RECORDS »
────
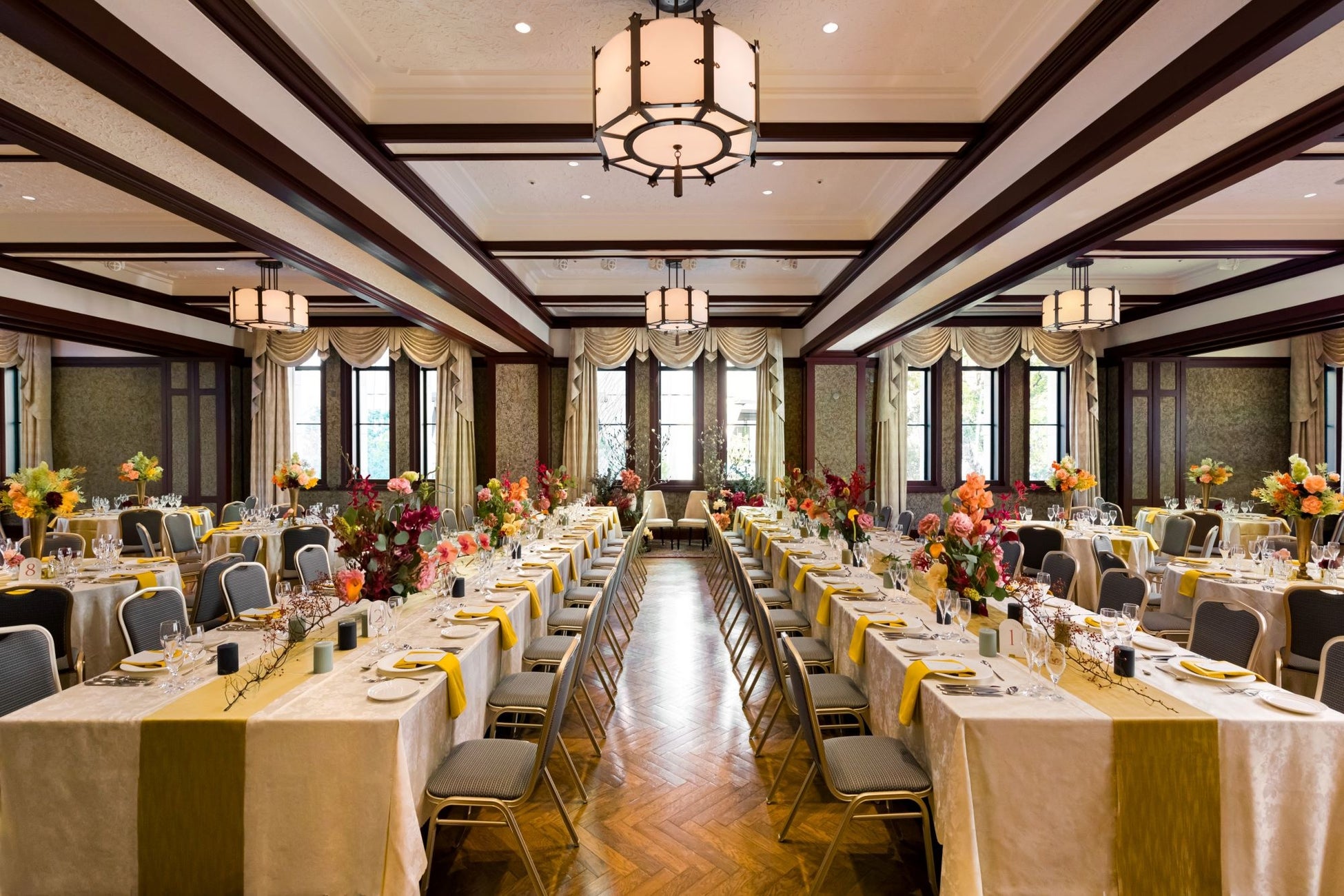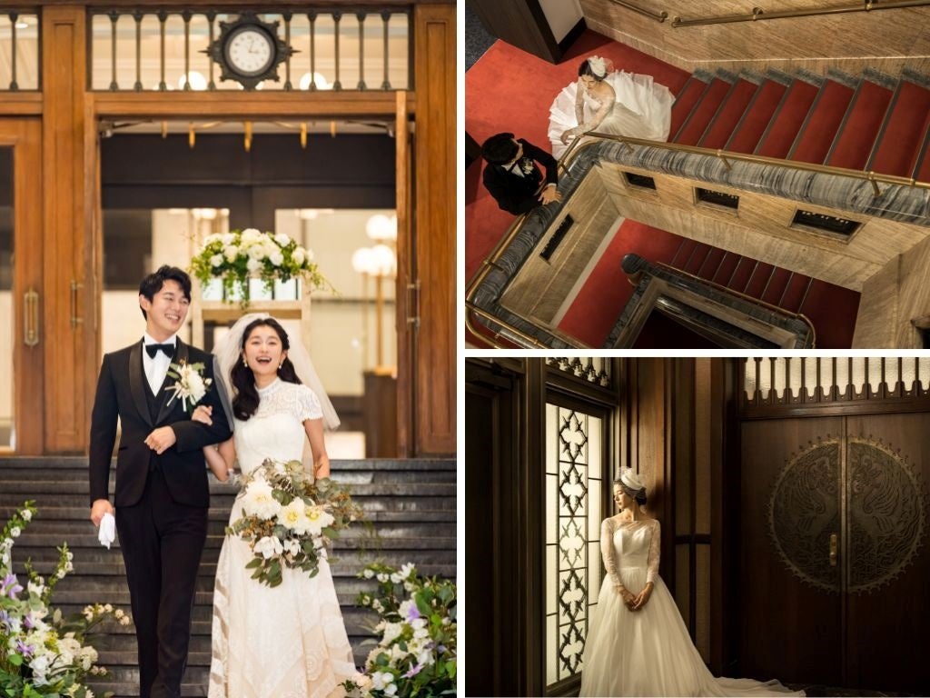 その一つである九段会館テラスは、登録有形文化財建造物である旧九段会館の貴重な技術・素材を活かして保存・復原を行った保存部分と、新築したオフィスビルの新旧が融合した建造物です。当社では、由緒あるその趣を残しながらも、長年紡がれてきたその歴史と現代のエッセンスが光る特別なウエディングプロデュースを実施してまいりました。
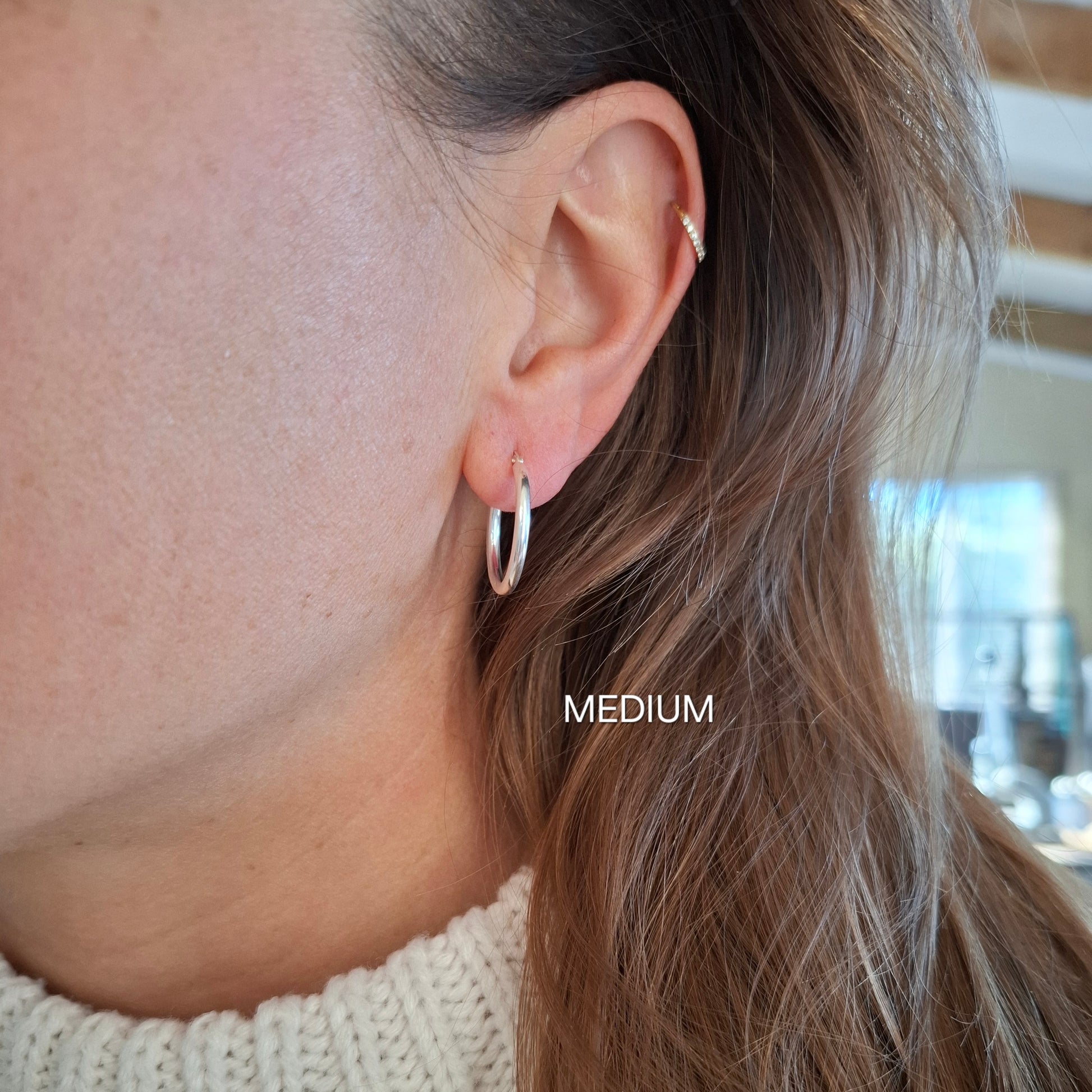 If you're searching for thicker silver hoops, or gold options take a look here. I offer 3mm as well as 4mm options for a chunky look and feel.
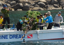 ダイビング部会にももちろん声が掛かるので出動!って言ってもなぜGWのこのタイミング?と思いつつも柏島のお偉いさん達が決めちゃってることなので素直に作業開始です。
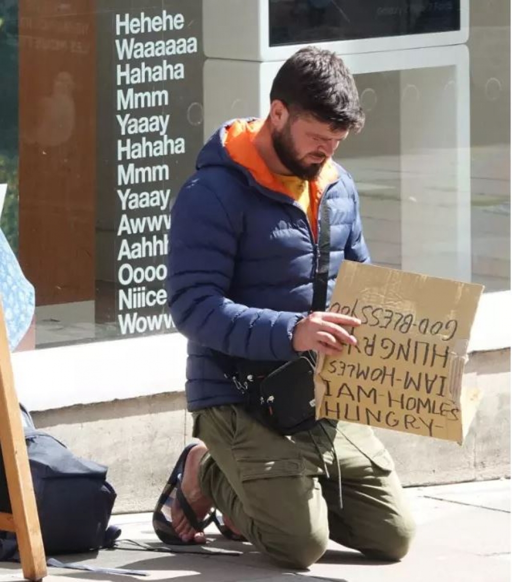 Bildirilib ki, evsiz kimi özlərini qələmə verən dilənçi dəstə 8 saatlıq müddətdə eyni kartonlardan istifadə edərək kömək istəyiblər. Dəstə üzvlərindən birinin hamilə paltarı geyinərək kömək istəməsi, digərinin isə yerdə diz çökərək yalvardığı müşahidə edilib. Dilənçilik etdikdən sonra onlar bir yerə yığışaraq lüks maşınlarla 19 kilometr uzaqlıqdakı Bristola yola düşüblər.
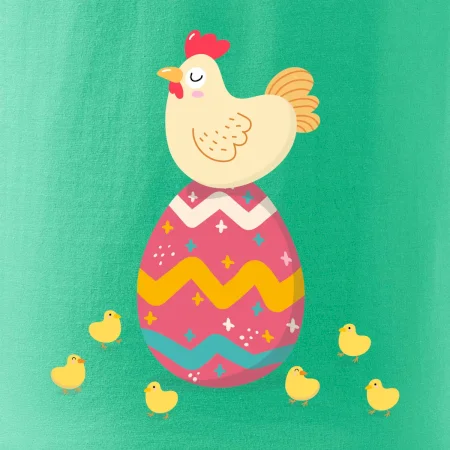 Sliepka sediaca na veľkonočnom vajci
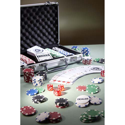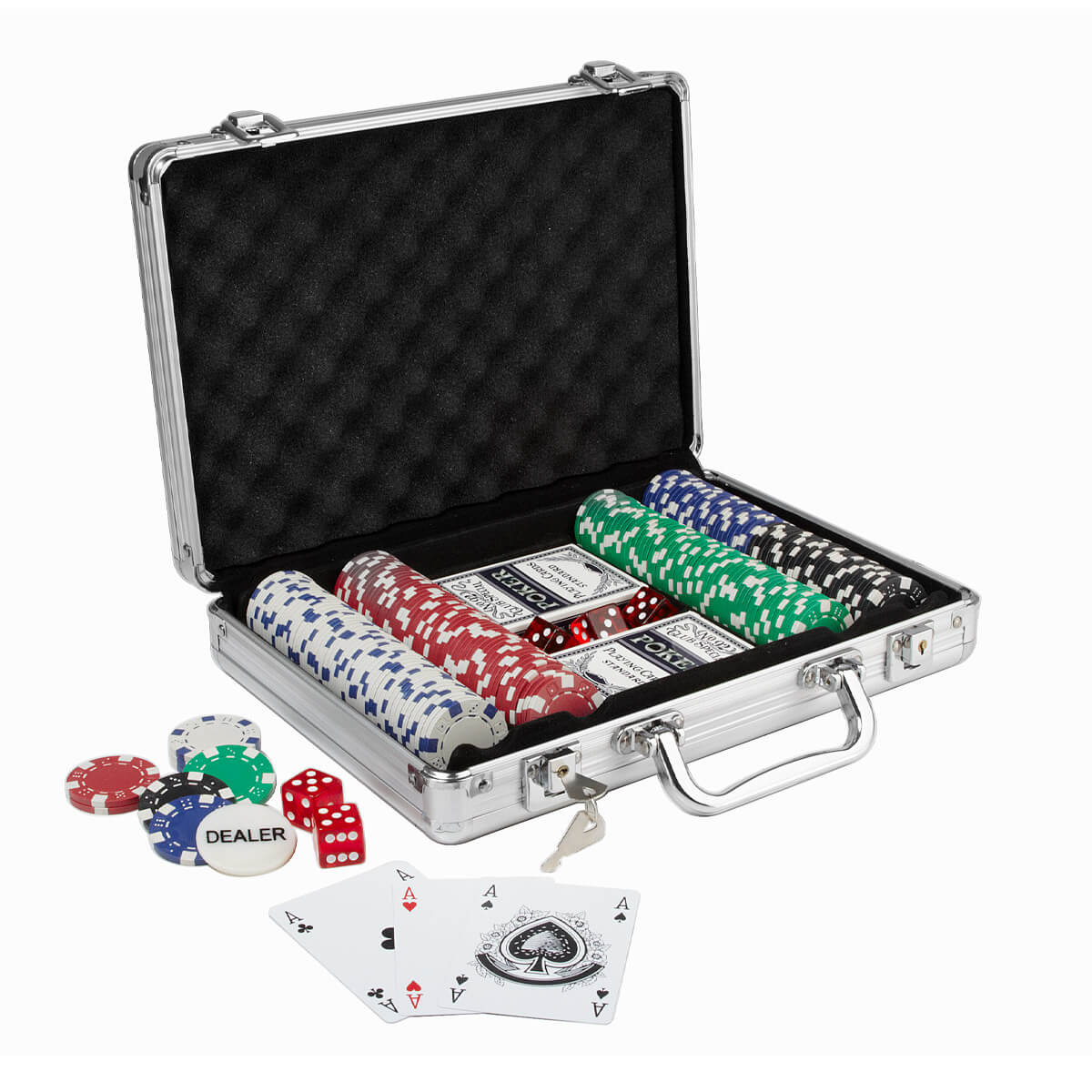 Incluye 200 fichas, 2 barajas plastificadas, 5 dados, 1 ficha de dealer y llaves.
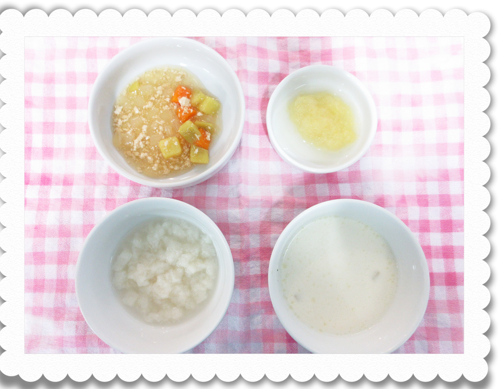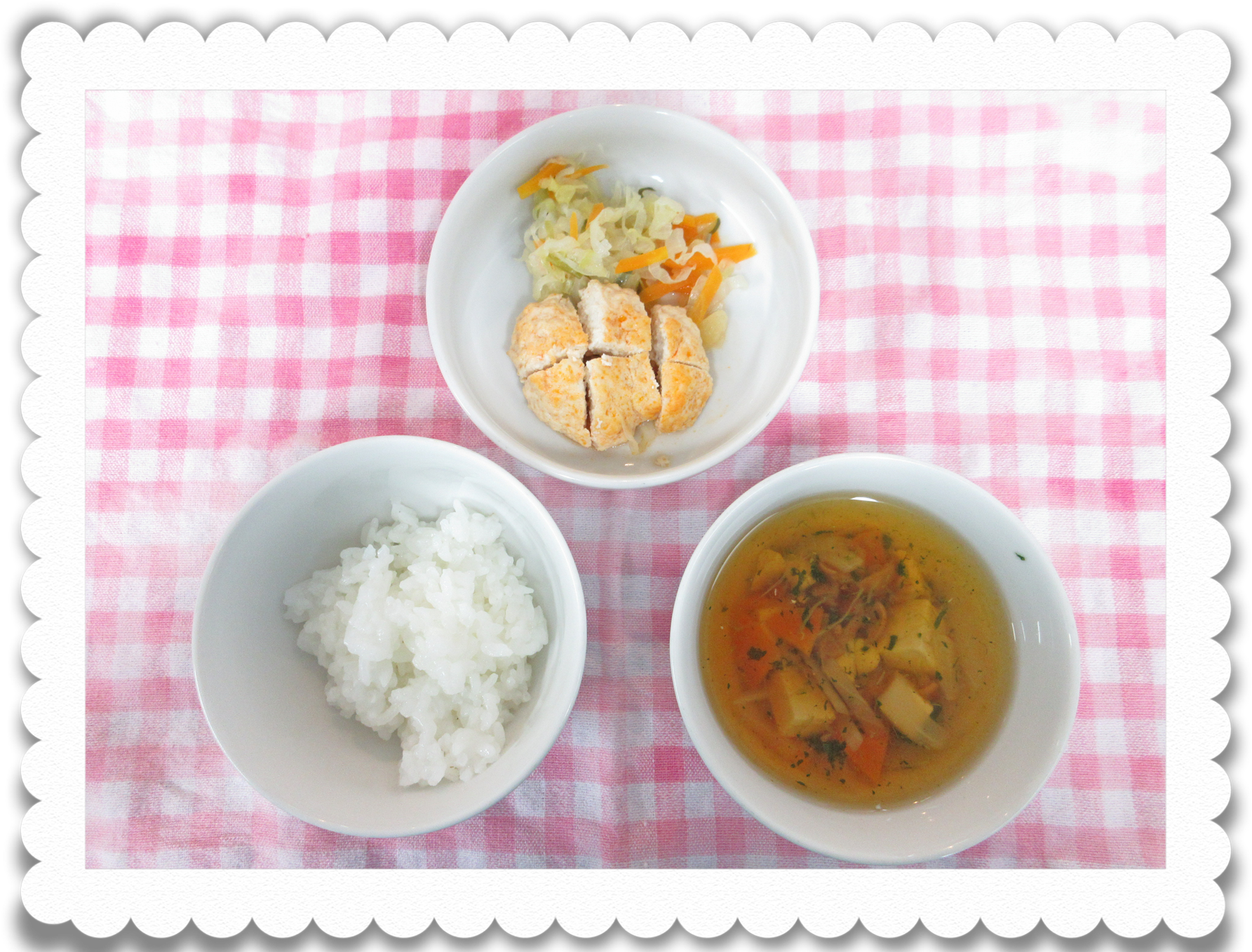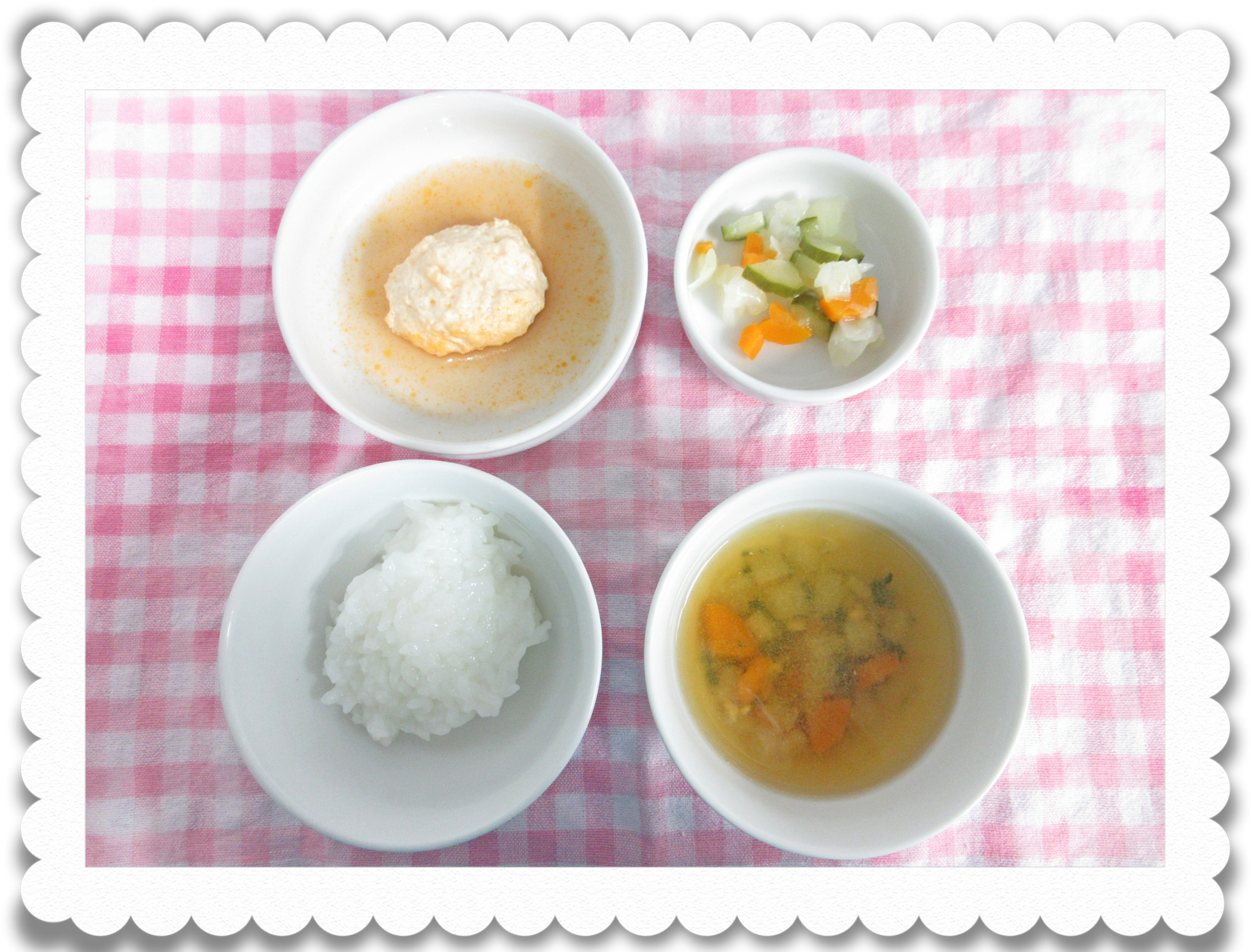 午前食:硬粥、焼きつくねのケチャップ煮、野菜あえ、玉ねぎスープ
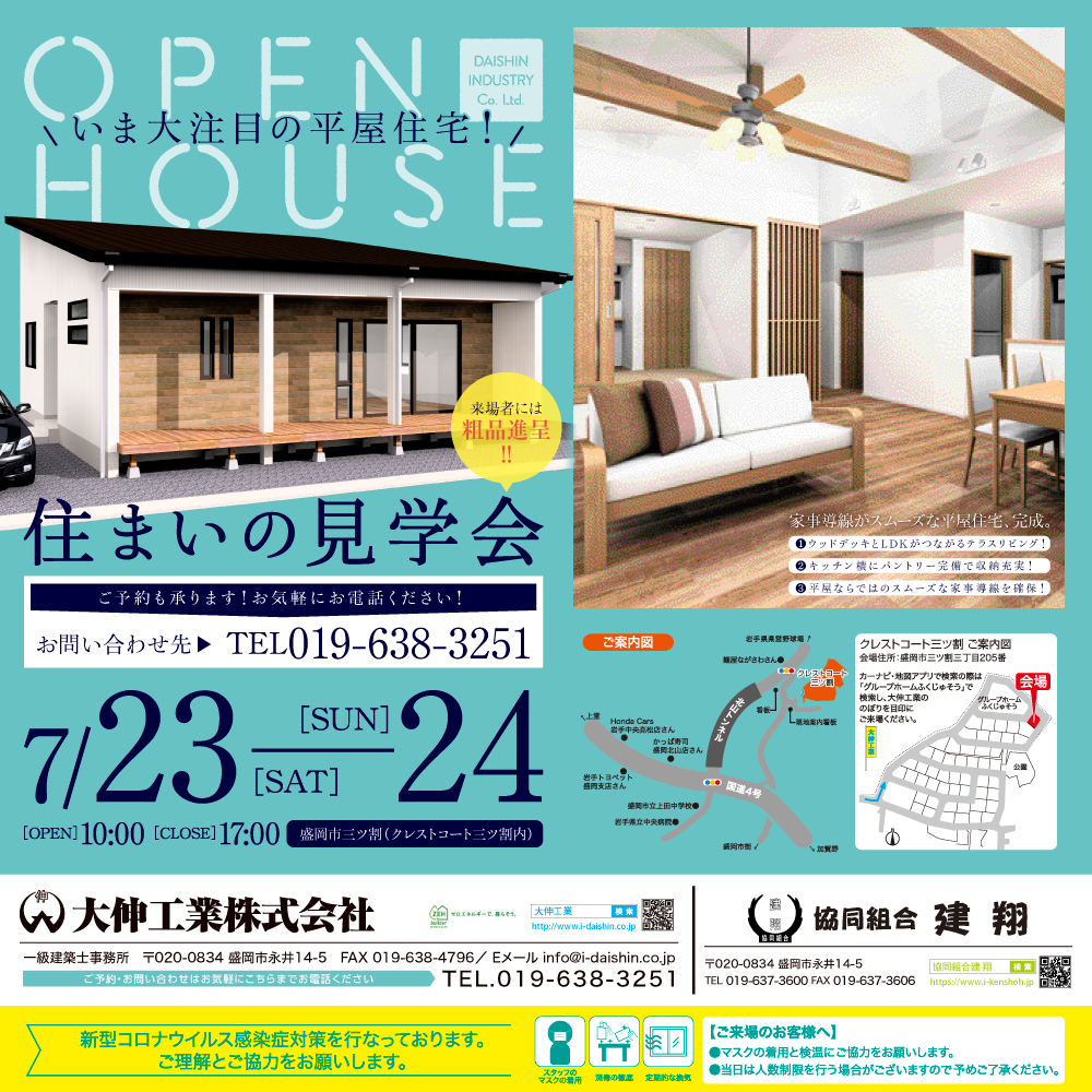7月23日(土)24日(日)住まいの見学会開催
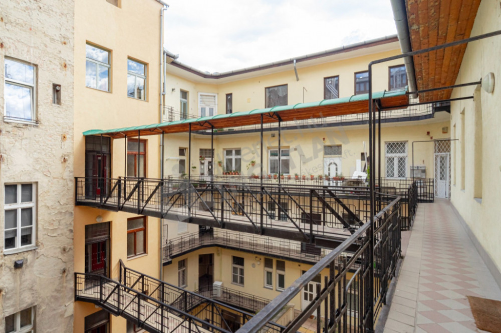 A társasház jó állapotú, liftes, különleges atmoszférával bír, különleges függőfolyosóinak köszönhetően.
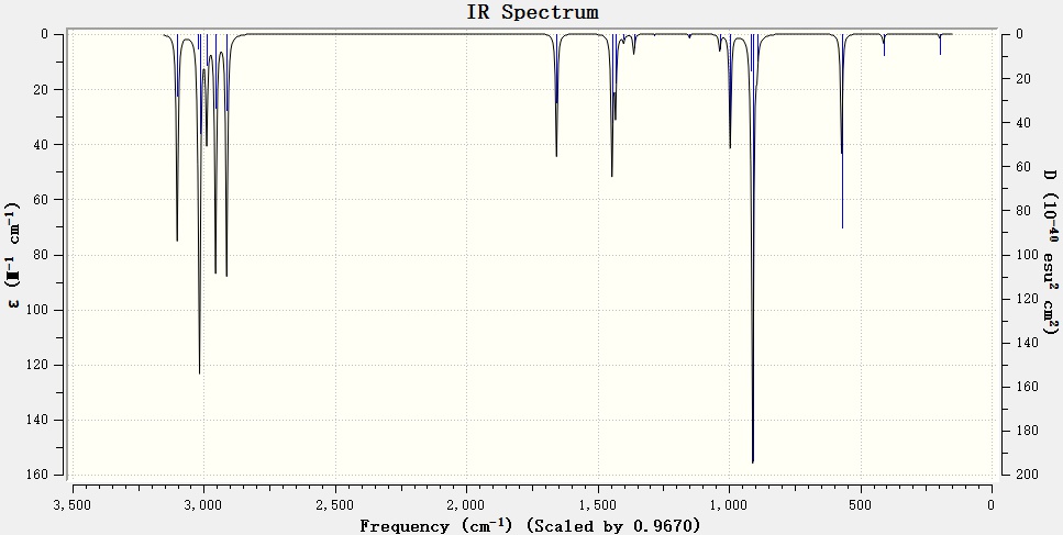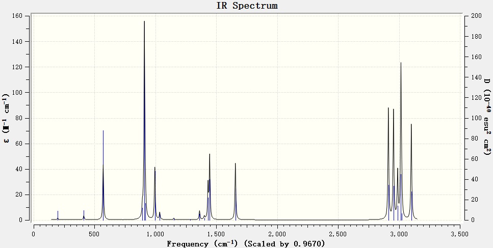 █ 此时点击振动面板中的Spectra,则会生成预测的红外光谱图。如下图所示
────
ASSIGNED TASK »
Transcribe all records verbatim and omit each image.

ANSWER TO THIS PROBLEM »
 その一つである九段会館テラスは、登録有形文化財建造物である旧九段会館の貴重な技術・素材を活かして保存・復原を行った保存部分と、新築したオフィスビルの新旧が融合した建造物です。当社では、由緒あるその趣を残しながらも、長年紡がれてきたその歴史と現代のエッセンスが光る特別なウエディングプロデュースを実施してまいりました。
 If you're searching for thicker silver hoops, or gold options take a look here. I offer 3mm as well as 4mm options for a chunky look and feel.
 ダイビング部会にももちろん声が掛かるので出動!って言ってもなぜGWのこのタイミング?と思いつつも柏島のお偉いさん達が決めちゃってることなので素直に作業開始です。
 Bildirilib ki, evsiz kimi özlərini qələmə verən dilənçi dəstə 8 saatlıq müddətdə eyni kartonlardan istifadə edərək kömək istəyiblər. Dəstə üzvlərindən birinin hamilə paltarı geyinərək kömək istəməsi, digərinin isə yerdə diz çökərək yalvardığı müşahidə edilib. Dilənçilik etdikdən sonra onlar bir yerə yığışaraq lüks maşınlarla 19 kilometr uzaqlıqdakı Bristola yola düşüblər.
 Sliepka sediaca na veľkonočnom vajci
 Incluye 200 fichas, 2 barajas plastificadas, 5 dados, 1 ficha de dealer y llaves.
 午前食:硬粥、焼きつくねのケチャップ煮、野菜あえ、玉ねぎスープ
7月23日(土)24日(日)住まいの見学会開催
 A társasház jó állapotú, liftes, különleges atmoszférával bír, különleges függőfolyosóinak köszönhetően.
 █ 此时点击振动面板中的Spectra,则会生成预测的红外光谱图。如下图所示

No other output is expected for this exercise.